← vLLM Production Stack with LMCache KV Offloading Shadow Traffic, Canary Rollout, and Progressive Deployment for LLMs →

AI Gateways — LiteLLM, Portkey, Kong AI Gateway, Bifrost

> A gateway sits between your apps and model providers. Core features are provider routing, fallback, retries, rate limiting, secret references, observability, guardrails. Market split in 2026: LiteLLM is MIT OSS with 100+ providers, OpenAI-compatible, but breaks down around ~2000 RPS (8 GB memory, cascading failures in published benchmarks); best for Python, <500 RPS, dev/prototyping. Portkey is control-plane-positioned (guardrails, PII redaction, jailbreak detection, audit trails), went Apache 2.0 open-source March 2026, 20-40 ms latency overhead, $49/mo production tier. Kong AI Gateway built on Kong Gateway — Kong's own benchmark on same 12 CPUs: 228% faster than Portkey, 859% faster than LiteLLM; $100/model/month pricing (max 5 on Plus tier); enterprise-fit if you're already on Kong. Bifrost (Maxim AI) — automatic retries with configurable backoff, fallback to Anthropic on OpenAI 429. Cloudflare / Vercel AI Gateways — managed, zero-ops, basic retry. Data residency drives the self-host decision; Portkey and Kong sit in the middle with OSS + optional managed.

Type: Learn

Languages: Python (stdlib, toy gateway-routing simulator)

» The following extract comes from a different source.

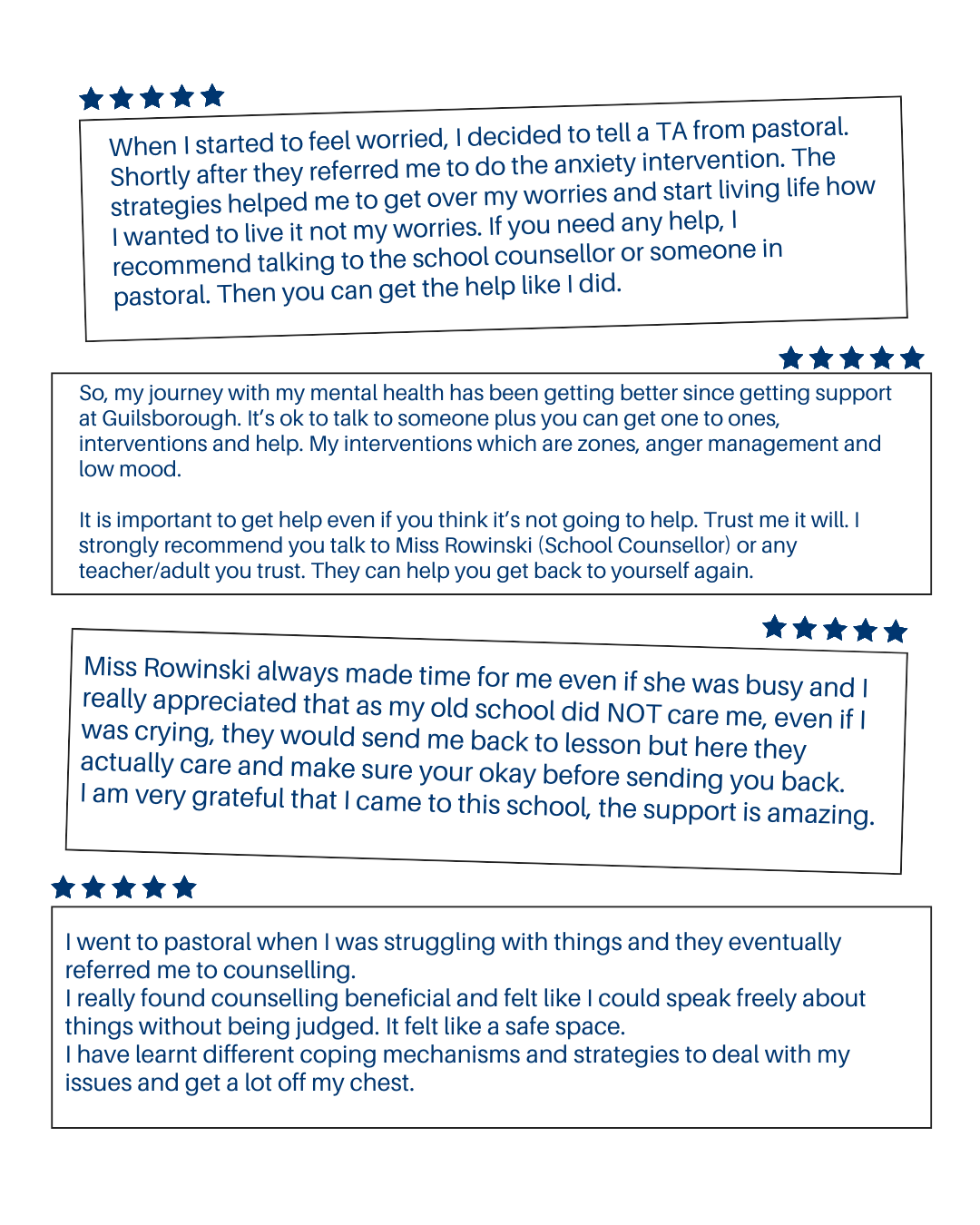 Here are some testimonies from students that have worked with Miss Rowinski, our qualified and dedicated School Counsellor.

Prerequisites: Phase 17 · 01 (Managed LLM Platforms), Phase 17 · 16 (Model Routing)

Time: ~60 minutes

Learning Objectives

Enumerate the six core gateway features (routing, fallback, retries, rate limits, secrets, observability, guardrails).
Map four 2026 gateways (LiteLLM, Portkey, Kong AI, Bifrost) to scale ceilings and use cases.
Cite the Kong benchmark (228% vs Portkey, 859% vs LiteLLM) and explain why it matters for >500 RPS.
Choose self-hosted vs managed given data residency and ops budget.

The Problem

Your product calls OpenAI, Anthropic, and a self-hosted Llama. Each provider has a different SDK, error model, rate limit, and auth scheme. You want failover (if OpenAI 429s, try Anthropic), a single credential store, unified observability, and rate limits per tenant.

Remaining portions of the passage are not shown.